● **Record extracts**

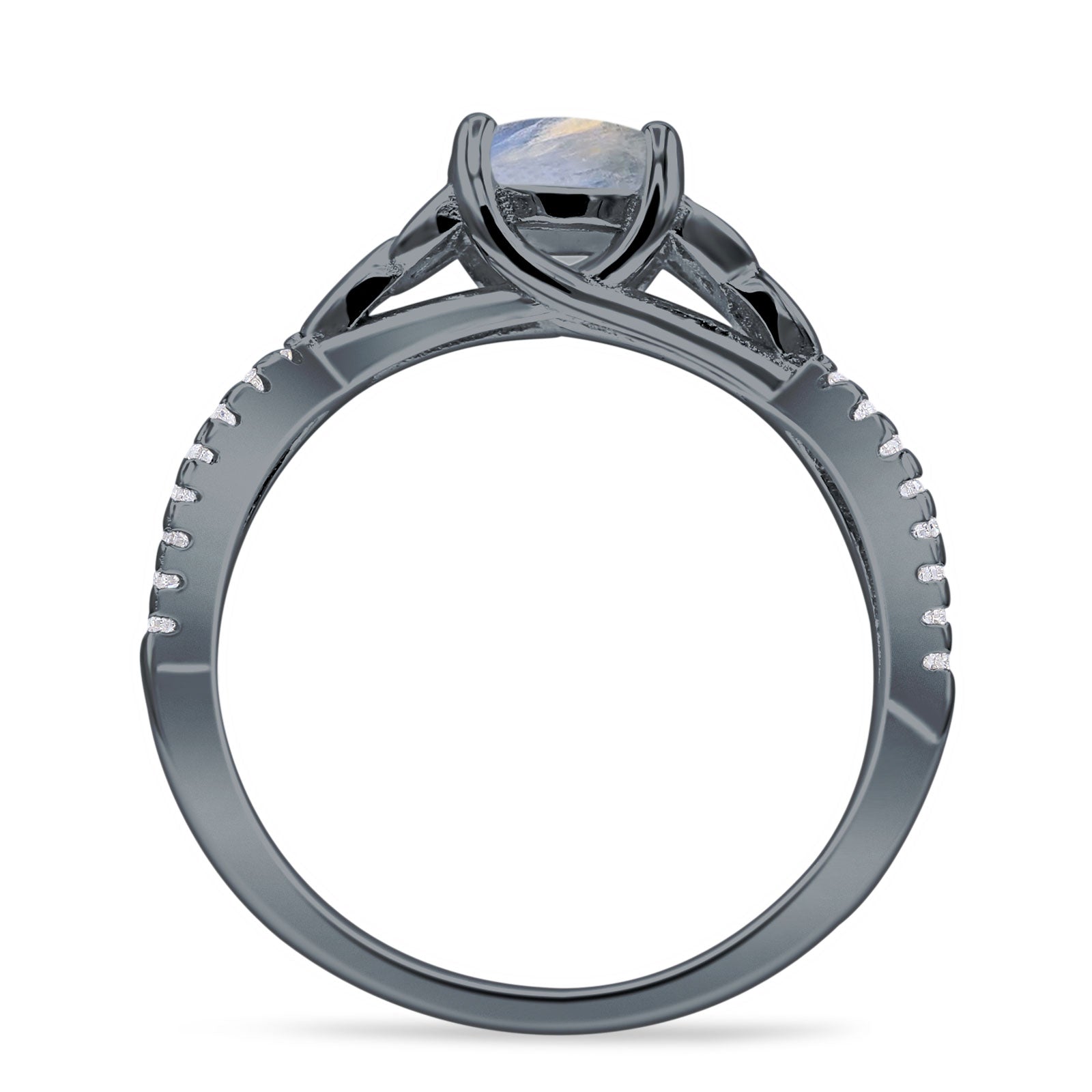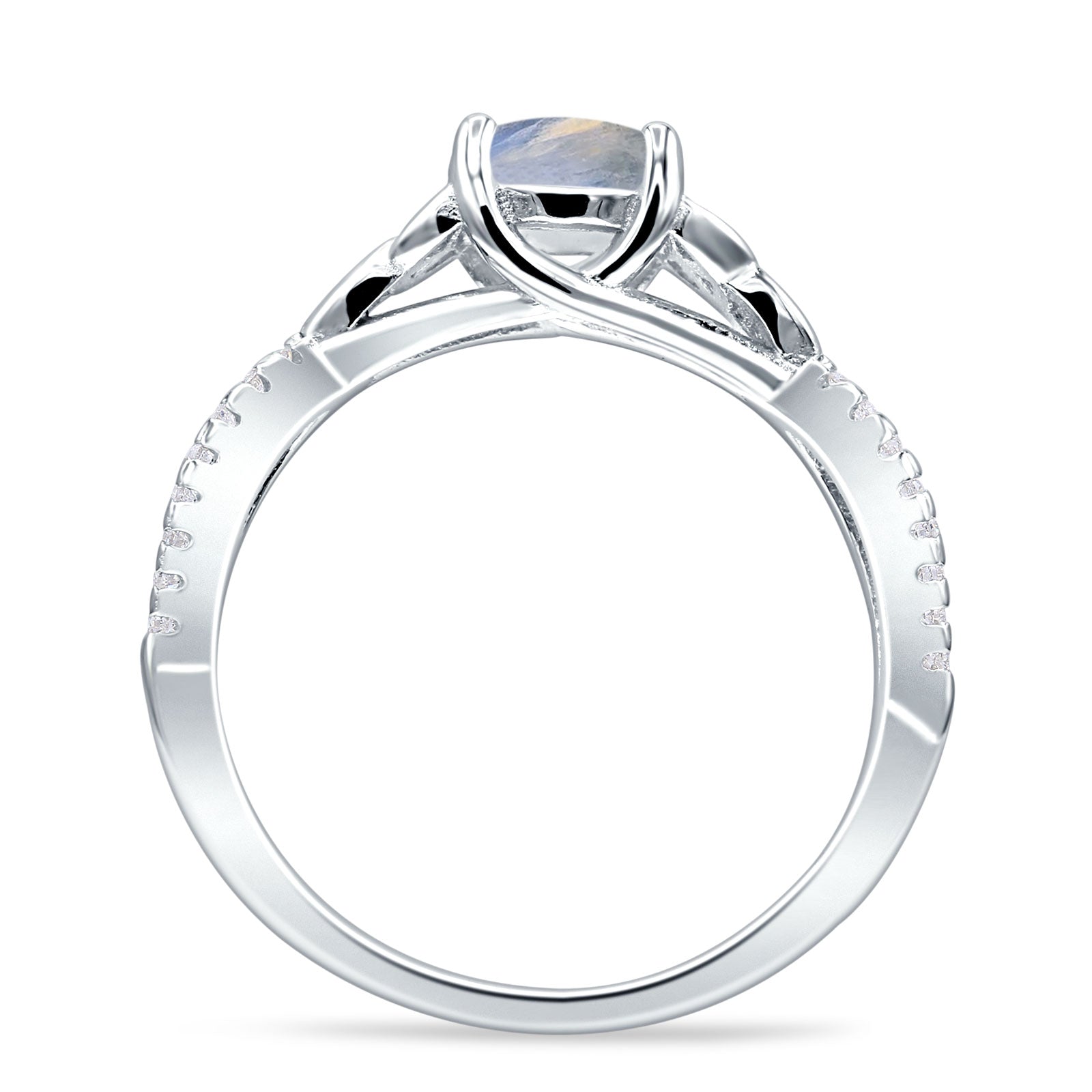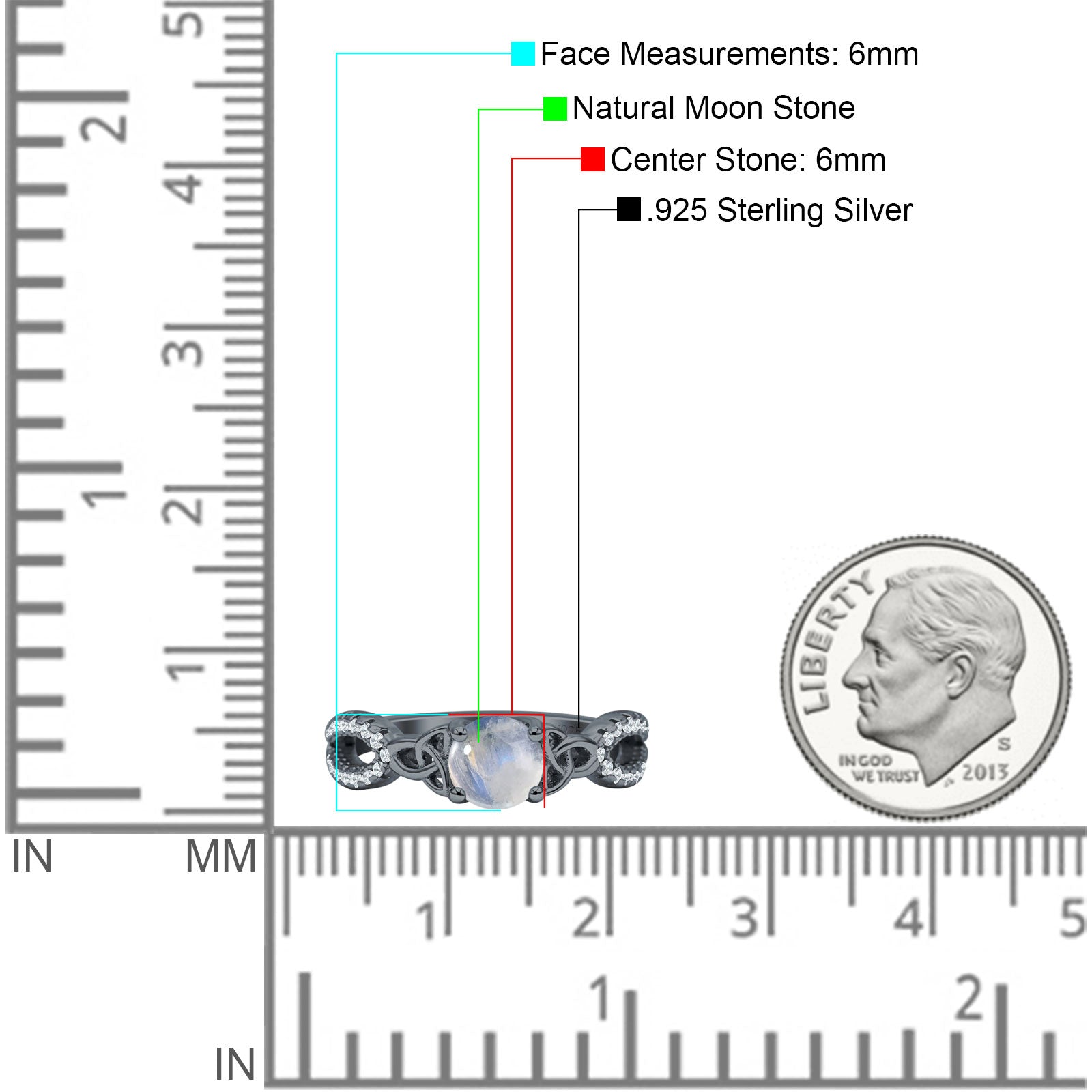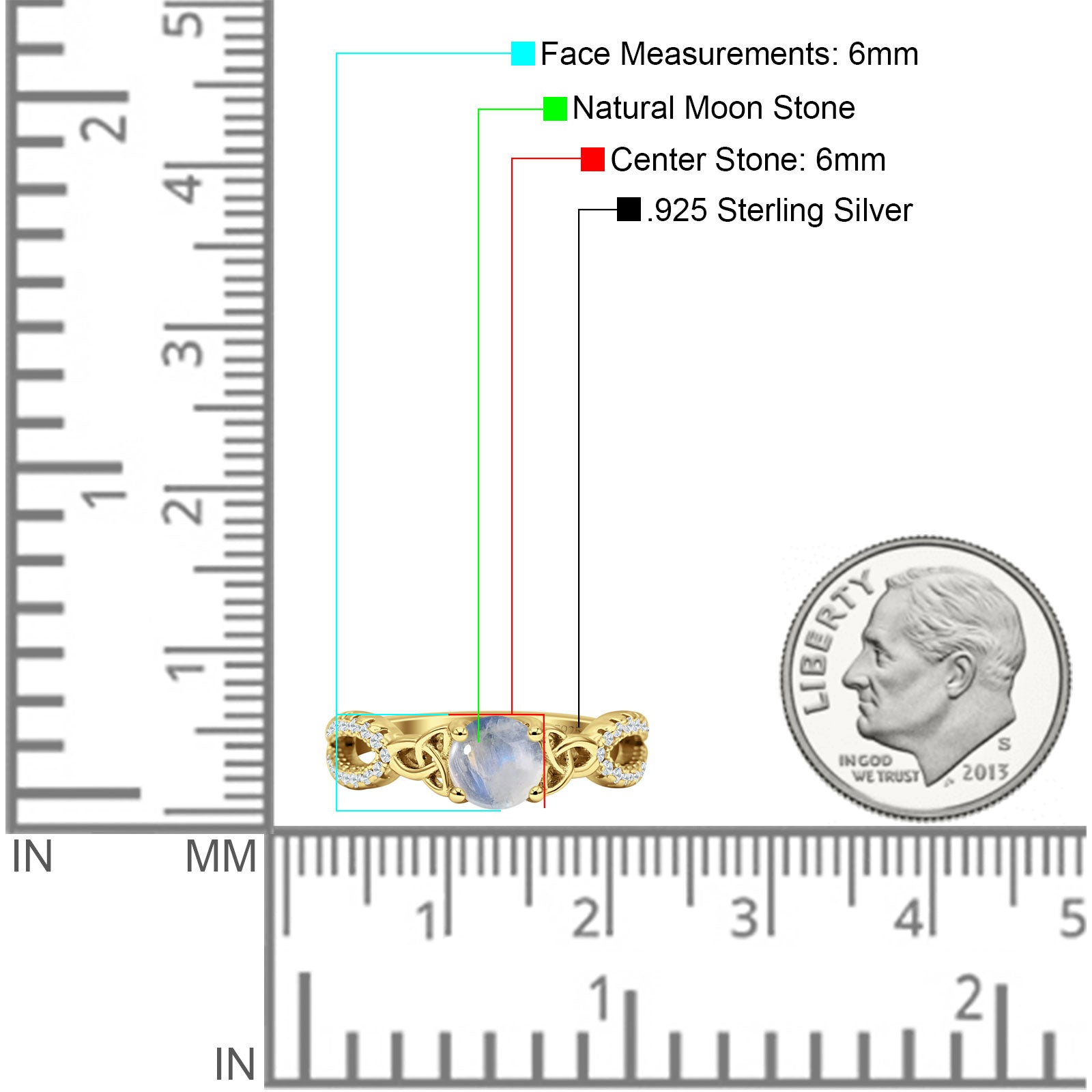 Round Cetlic Trinity Vintage Style Natural Moonstone Ring 925 Sterling Silver
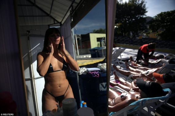 Бразильські жінки лежать напівоголеними на даху, аби отримати ідеальну засмагу. Під сонцем листопада жінки одягають крихітні бікіні. Зроблені з маскувальних стрічок, що приклеюються на тіло.
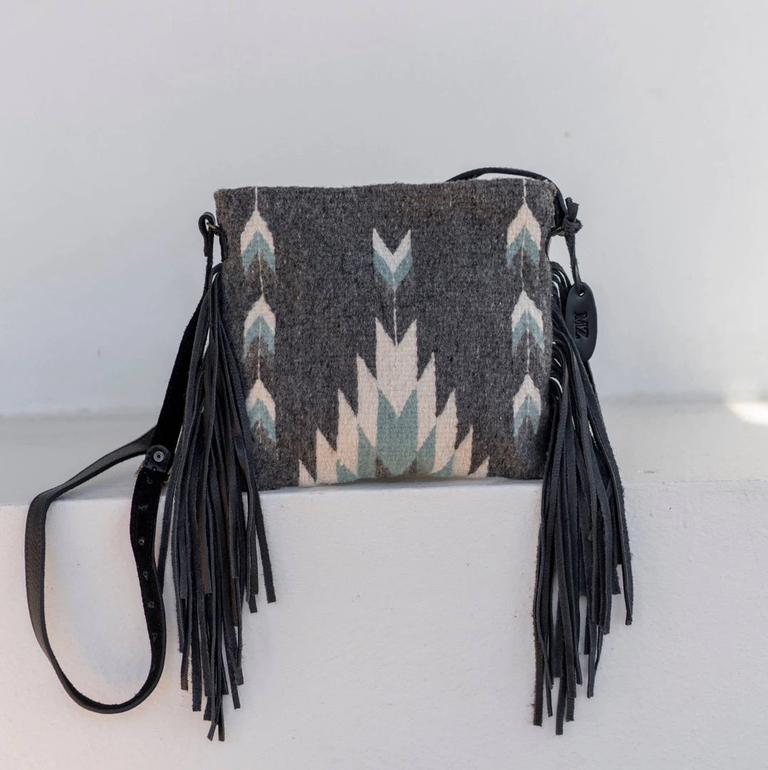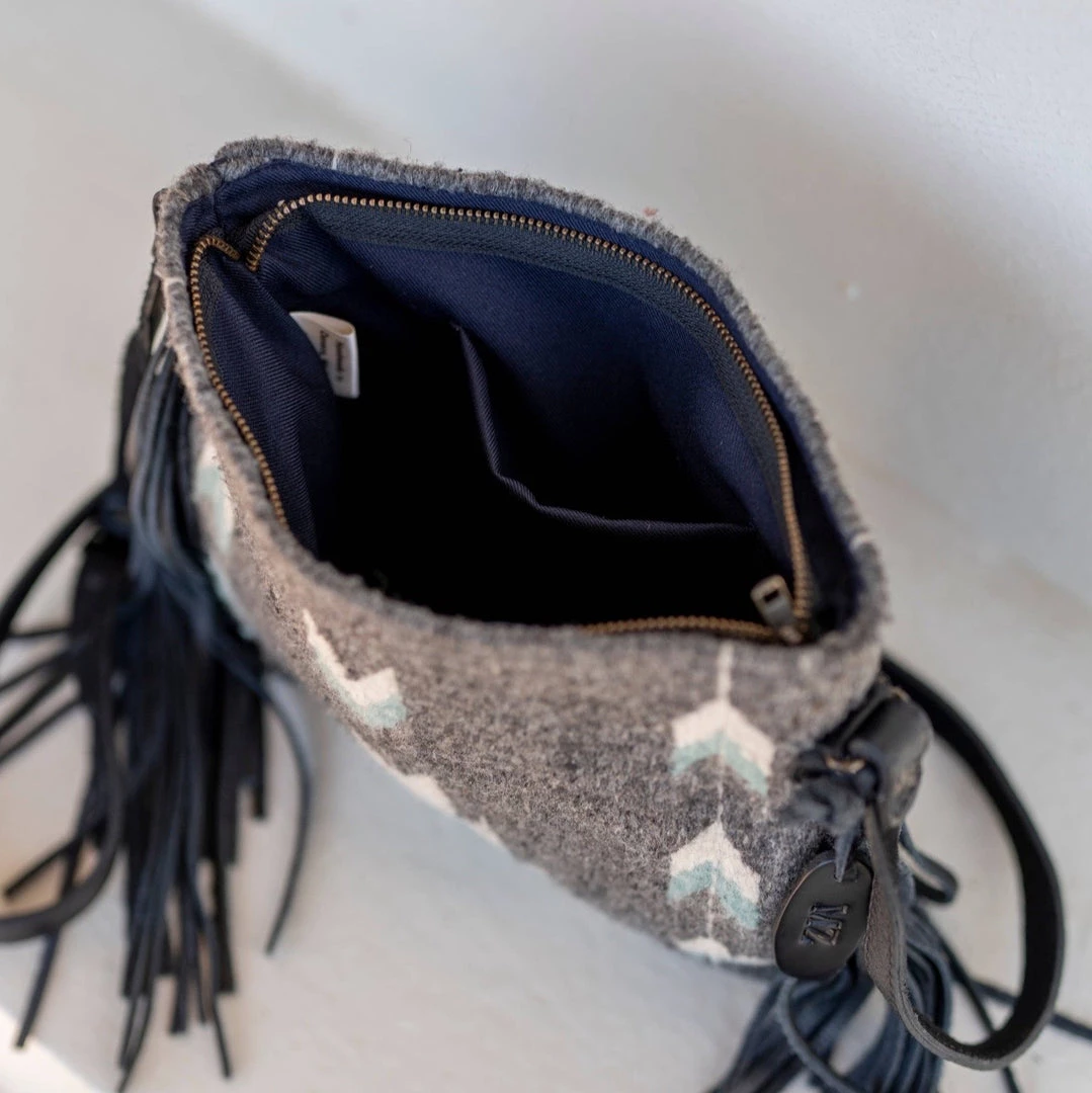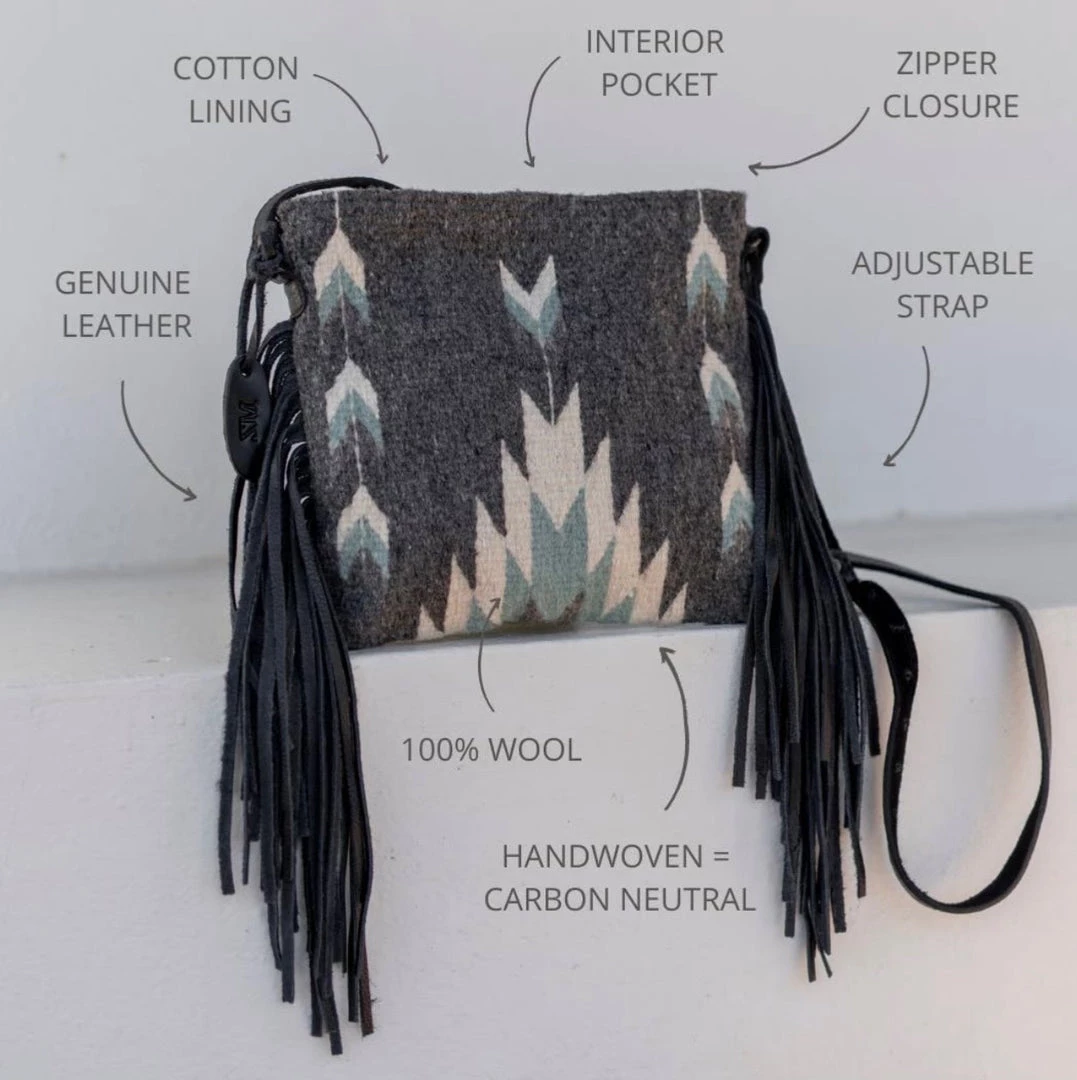 The features: adjustable leather strap, zipper closure and lined interior with one pocket.
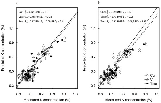 Measured vs. predicted potassium concentration (%) of the calibration set (Cal: open circles), cross-validation set (Val: open triangles) and test set (Test: closed diamonds) of macadamia cultivar ‘816’ leaves using hyperspectral images of (a) adaxial and (b) abaxial surfaces and using all available wavelengths.
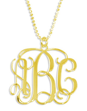 You'll love these monogram necklaces! With our 18K gold pendant, made in a cut-out technique, you can add personalized style to your jewelry box! These gold pendants are personalized with your 3 letter monogram in an Interlocking style font. Our personalized pendants are perfect for every special lady in your life. This monogrammed pendant measures 1.18 X 1.1". Includes 18" 1mm basic ball chain.
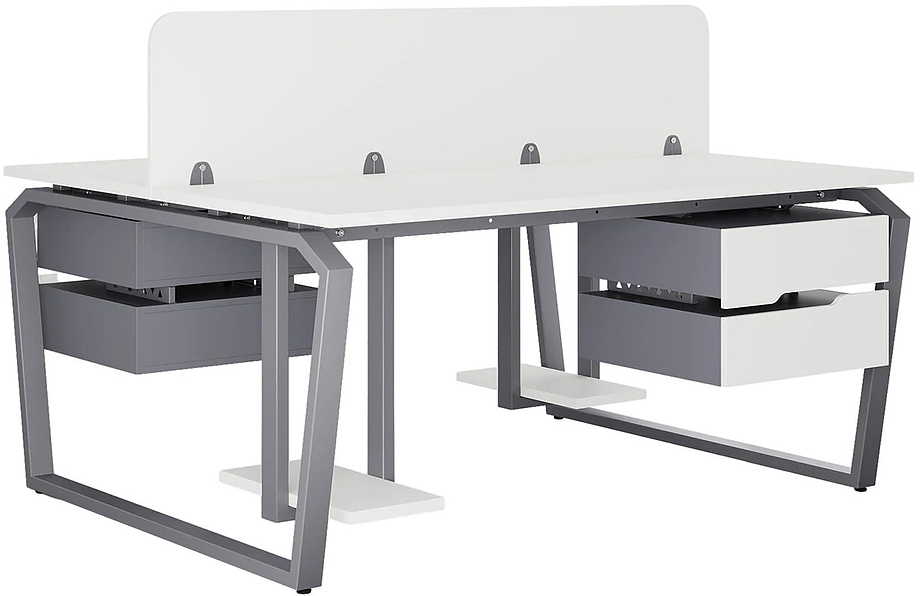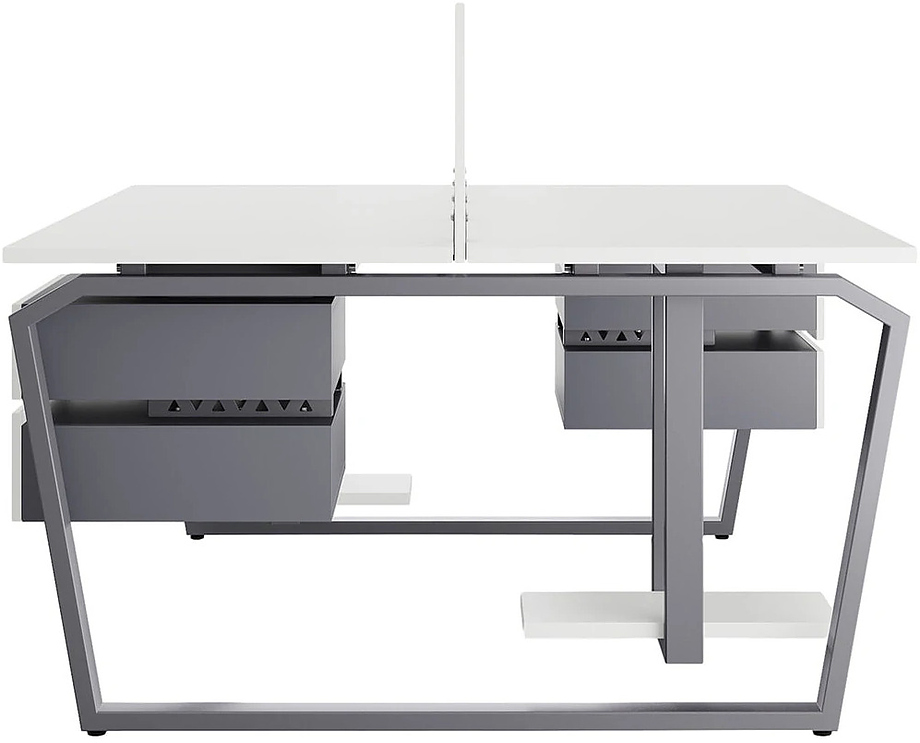 Офисный стол Кобор TB/2-140/140 graphite/premium предназначен для двух рабочих мест и идеально подходит для офисов и кабинетов руководителей. Модель оснащена опорами в виде обратной трапеции с скошенными верхними углами. Материал столешницы - прочный ЛДСП толщиной 25 мм, усиленная снизу металлическим каркасом, материал опор и каркаса - окрашенный металл.

● **How to complete this task**
Print the material above once more, exactly, minus the pictures.

● **Reply**
 Round Cetlic Trinity Vintage Style Natural Moonstone Ring 925 Sterling Silver
 Бразильські жінки лежать напівоголеними на даху, аби отримати ідеальну засмагу. Під сонцем листопада жінки одягають крихітні бікіні. Зроблені з маскувальних стрічок, що приклеюються на тіло.
 The features: adjustable leather strap, zipper closure and lined interior with one pocket.
 Measured vs. predicted potassium concentration (%) of the calibration set (Cal: open circles), cross-validation set (Val: open triangles) and test set (Test: closed diamonds) of macadamia cultivar ‘816’ leaves using hyperspectral images of (a) adaxial and (b) abaxial surfaces and using all available wavelengths.
 You'll love these monogram necklaces! With our 18K gold pendant, made in a cut-out technique, you can add personalized style to your jewelry box! These gold pendants are personalized with your 3 letter monogram in an Interlocking style font. Our personalized pendants are perfect for every special lady in your life. This monogrammed pendant measures 1.18 X 1.1". Includes 18" 1mm basic ball chain.
 Офисный стол Кобор TB/2-140/140 graphite/premium предназначен для двух рабочих мест и идеально подходит для офисов и кабинетов руководителей. Модель оснащена опорами в виде обратной трапеции с скошенными верхними углами. Материал столешницы - прочный ЛДСП толщиной 25 мм, усиленная снизу металлическим каркасом, материал опор и каркаса - окрашенный металл.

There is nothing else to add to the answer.